April to June: Allied discussions
Balfour met Weizmann at the Foreign Office on 22 March 1917; two days later, Weizmann described the meeting as being "the first time I had a real business talk with him". Weizmann explained at the meeting that the Zionists had a preference for a British protectorate over Palestine, as opposed to an American, French or international arrangement; Balfour agreed, but warned that "there may be difficulties with France and Italy".
The French position in regard to Palestine and the wider Syria region during the lead up to the Balfour Declaration was largely dictated by the terms of the Sykes-Picot Agreement, and was complicated from 23 November 1915 by increasing French awareness of the British discussions with the Sherif of Mecca.

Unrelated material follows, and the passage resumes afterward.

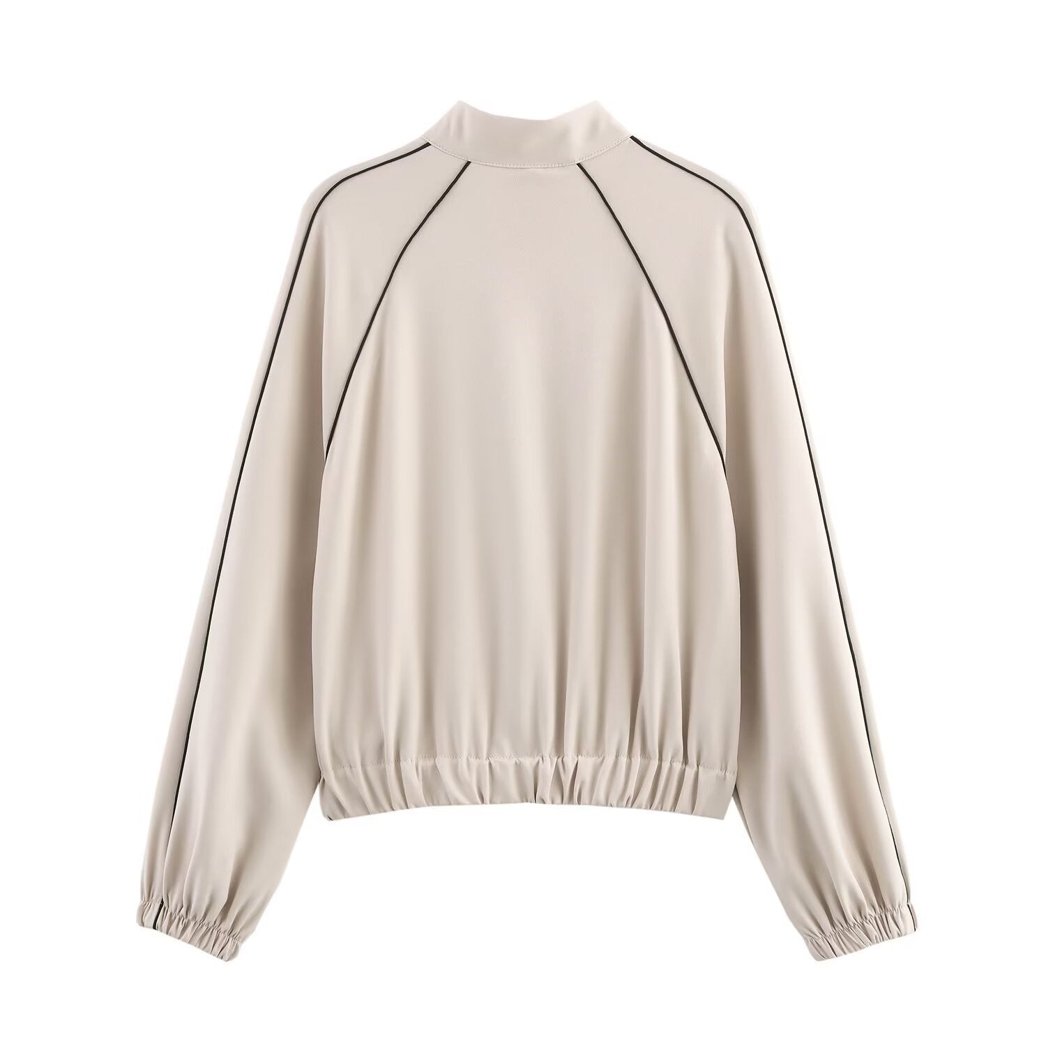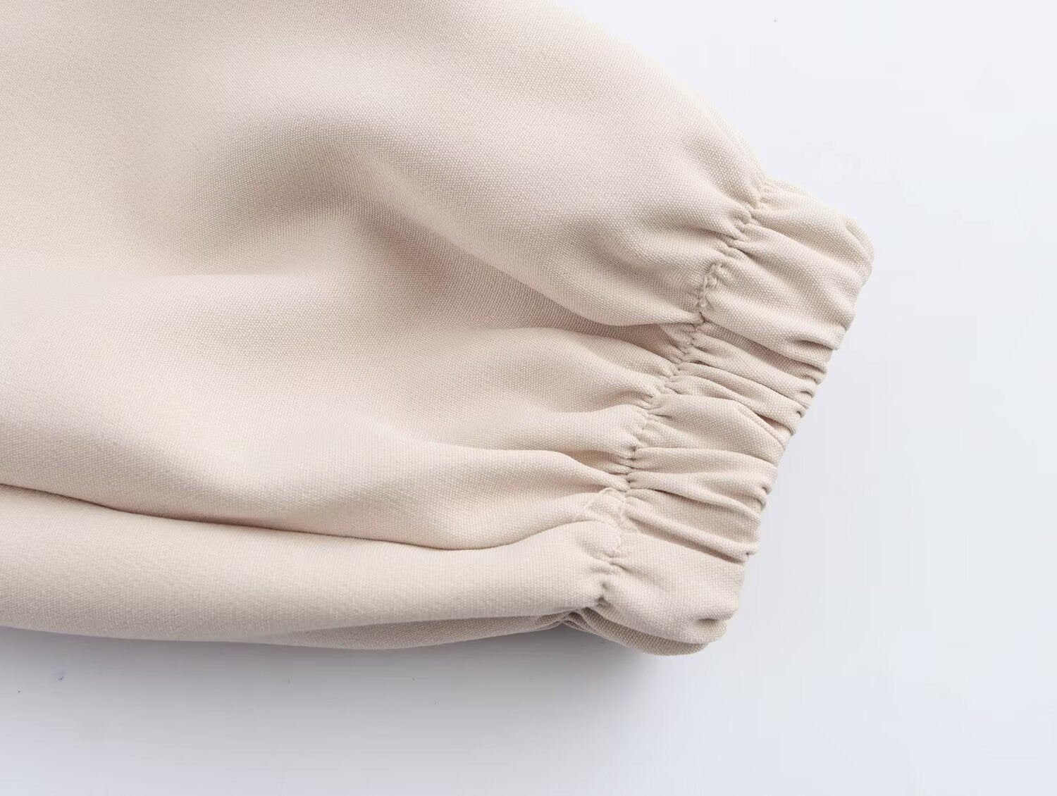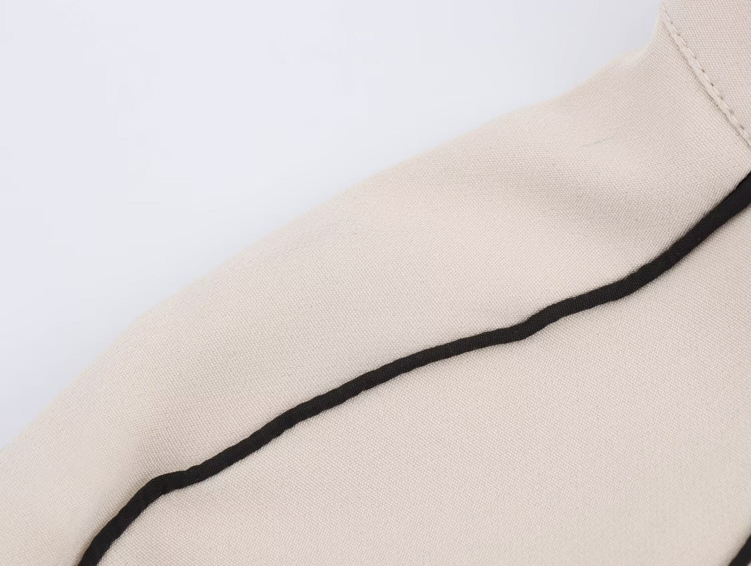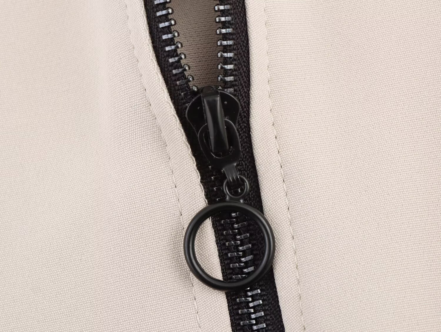 Minimalistisches und modernes Track Suit Set bestehend aus Jacke mit Reißverschluss und passender Hose. Das beige Design mit schwarzen Kontrastlinien verleiht dem Outfit einen cleanen, sportlichen Look. Durch den lockeren Schnitt und das leichte Material eignet sich das Set perfekt für Alltag, Freizeit oder Streetwear-Styles.

Prior to 1917, the British had led the fighting on the southern border of the Ottoman Empire alone, given their neighbouring Egyptian colony and the French preoccupation with the fighting on the Western Front that was taking place on their own soil. Italy's participation in the war, which began following the April 1915 Treaty of London, did not include involvement in the Middle Eastern sphere until the April 1917 Agreement of Saint-Jean-de-Maurienne; at this conference, Lloyd George had raised the question of a British protectorate of Palestine and the idea "had been very coldly received" by the French and the Italians.[n] In May and June 1917, the French and Italians sent detachments to support the British as they built their reinforcements in preparation for a renewed attack on Palestine.

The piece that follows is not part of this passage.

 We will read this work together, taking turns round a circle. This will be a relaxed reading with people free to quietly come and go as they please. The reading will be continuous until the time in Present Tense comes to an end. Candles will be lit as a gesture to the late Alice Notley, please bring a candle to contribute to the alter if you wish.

In early April, Sykes and Picot were appointed to act as the chief negotiators once more, this time on a month-long mission to the Middle East for further discussions with the Sherif of Mecca and other Arab leaders.[o] On 3 April 1917, Sykes met with Lloyd George, Curzon and Hankey to receive his instructions in this regard, namely to keep the French onside while "not prejudicing the Zionist movement and the possibility of its development under British auspices, [and not] enter into any political pledges to the Arabs, and particularly none in regard to Palestine". Before travelling to the Middle East, Picot, via Sykes, invited Nahum Sokolow to Paris to educate the French government on Zionism. Sykes, who had prepared the way in correspondence with Picot, arrived a few days after Sokolow; in the meantime Sokolow had met Picot and other French officials, and convinced the French Foreign Office to accept for study a statement of Zionist aims "in regard to facilities of colonization, communal autonomy, rights of language and establishment of a Jewish chartered company." Sykes went on ahead to Italy and had meetings with the British ambassador and British Vatican representative to prepare the way for Sokolow once again.

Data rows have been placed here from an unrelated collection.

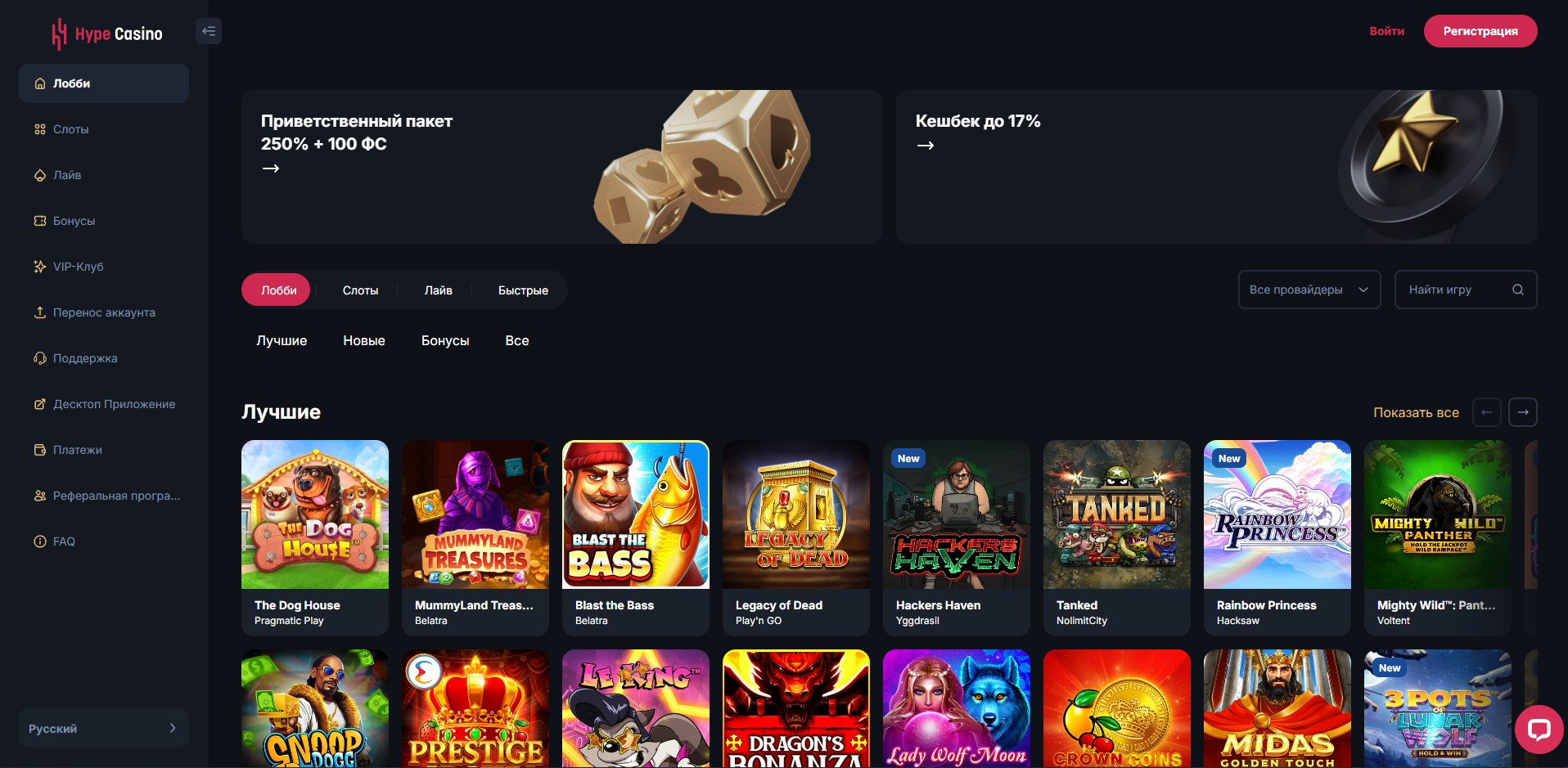 Hype Casino — это современная игровая площадка с быстрыми выплатами и выгодными предложениями для новичков. Главное среди них — бездепозитный бонус за регистрацию: после создания аккаунта игрок получает бесплатные вращения в популярном слоте The Dog House.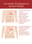 Die Tablette entfernt Zucker, Kohlenhydrate und Fett aus deiner Nahrung & sorgt dafür, das sie ausgeschieden werden, ohne in deinen Stoffwechsel zu gelangen. Gleichzeitig wird in deinen Magen eine Gelmatrix gebildet, die ein Sättigungsgefühl hervorruft.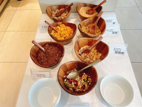 コーンフレークやグラノーラなど複数種類用意されています。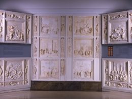Algo religioso, como de cámara ceremonial, transmitían las tablas de madera pintadas de la artista cubana Laura Carralero, en la galería hamburguesa Vera Munro. En medio de los colores oscuros unos detalles en oro refulgían como si quisiesen decir algo. También había tablas pintadas, esta vez dípticos unidos por bisagras, pero también con témpera y pan de oro, y quizá por eso también con aire religioso, en la galería ateniense Kalfayan, obra de Adrian Paci. La misma galería exponía una colección de pequeños cuadritos, acrílicos en papel, de Farida El Gazzar. Tenían un aire de postal reencuadrada, eran detalles esquinados como terrazas de edificios o árboles movidos por el viento o inmóviles en el crepúsculo, y de títulos más abstractos como I belong here o I’m lost in your translation. No había figuras.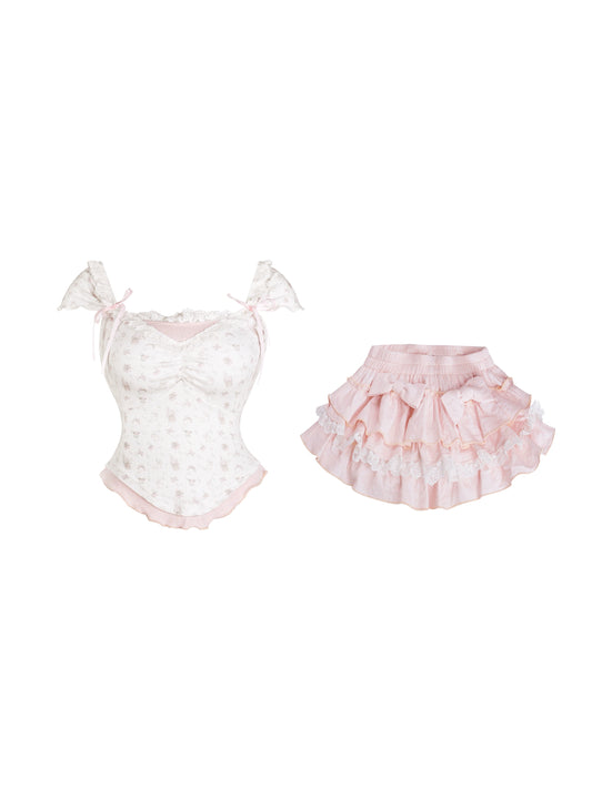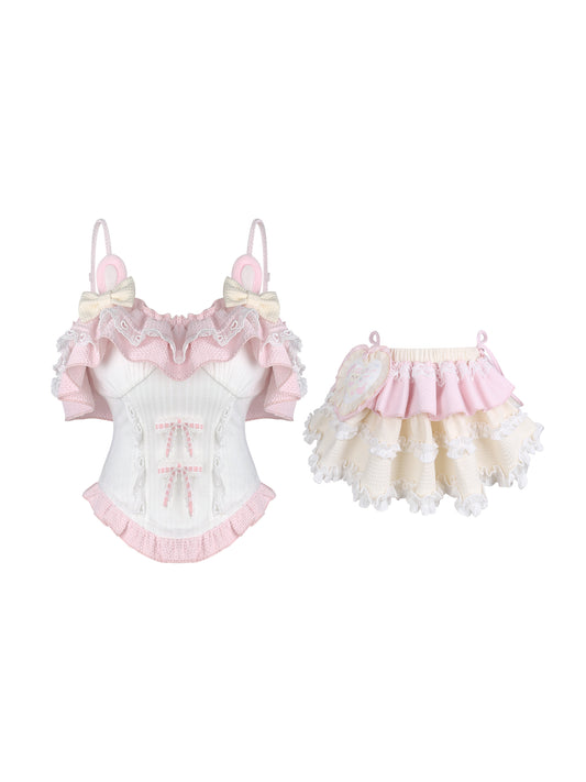 Serendipity Dessert Series Rabbit Cheese Pink Yellow Cami & Bloomers Two Piece Set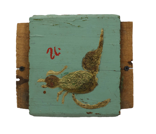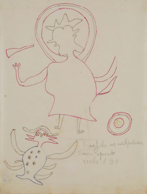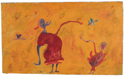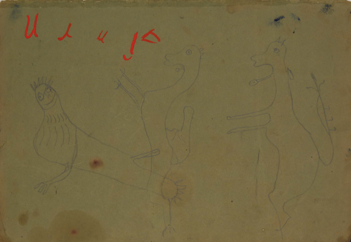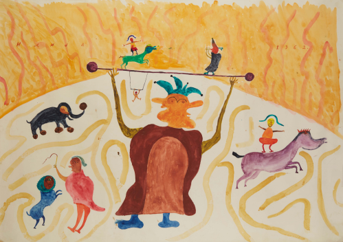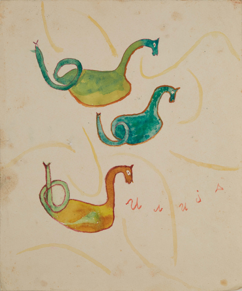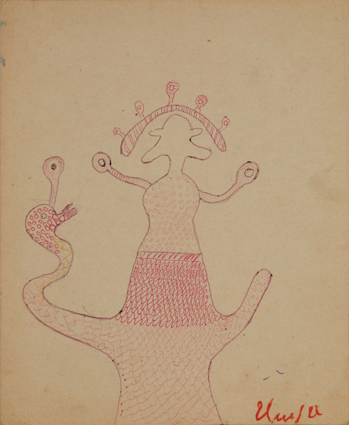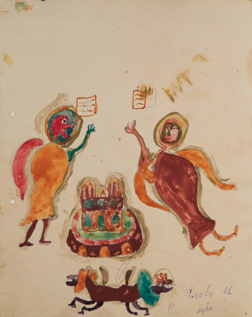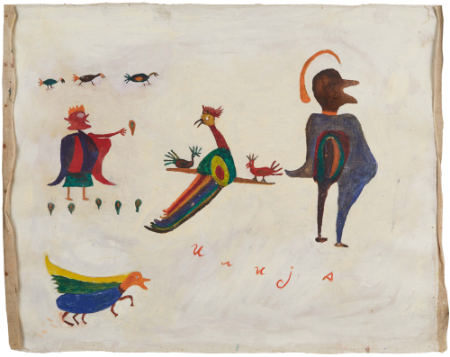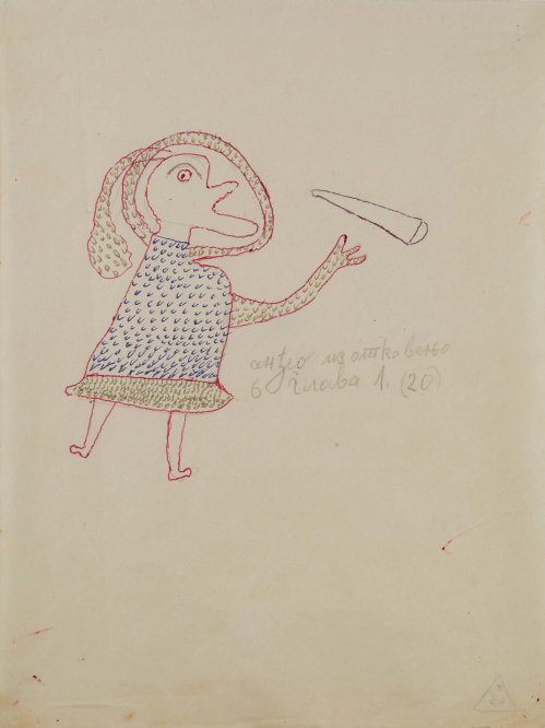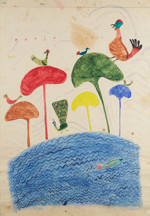 In 1957, at the age of sixty-two, nearly destitute and physically diminished, Ilija picked up a brush and began to paint. He started with small drawings and later moved on to decorating the walls and furniture of his home; when materials ran out, he painted on books. His first public appearances were met with open skepticism. His son, by then an art historian, destroyed his first drawings, but soon saw the promise the work held and exhibited Ilija’s work under the pseudonym “Bosilj.” Was it possible, critics asked, that an uneducated peasant from Srem could produce work of such imagination and invention? He was required to appear before a special committee in Zagreb to draw and paint before them, to prove authorship of his own work. He received a certificate of authenticity, and continued.

Sokolow was granted an audience with Pope Benedict XV on 6 May 1917. Sokolow's notes of the meeting – the only meeting records known to historians – stated that the Pope expressed general sympathy and support for the Zionist project.[xiv] On 21 May 1917 Angelo Sereni, president of the Committee of the Jewish Communities,[p] presented Sokolow to Sidney Sonnino, the Italian Minister of Foreign Affairs. He was also received by Paolo Boselli, the Italian prime minister. Sonnino arranged for the secretary general of the ministry to send a letter to the effect that, although he could not express himself on the merits of a program which concerned all the allies, "generally speaking" he was not opposed to the legitimate claims of the Jews. On his return journey, Sokolow met with French leaders again and secured a letter dated 4 June 1917, giving assurances of sympathy towards the Zionist cause by Jules Cambon, head of the political section of the French foreign ministry. This letter was not published, but was deposited at the British Foreign Office.[xv]
Following the United States' entry into the war on 6 April, the British Foreign Secretary led the Balfour Mission to Washington D.C. and New York, where he spent a month between mid-April and mid-May. During the trip he spent significant time discussing Zionism with Louis Brandeis, a leading Zionist and a close ally of Wilson who had been appointed as a Supreme Court Justice a year previously.[q]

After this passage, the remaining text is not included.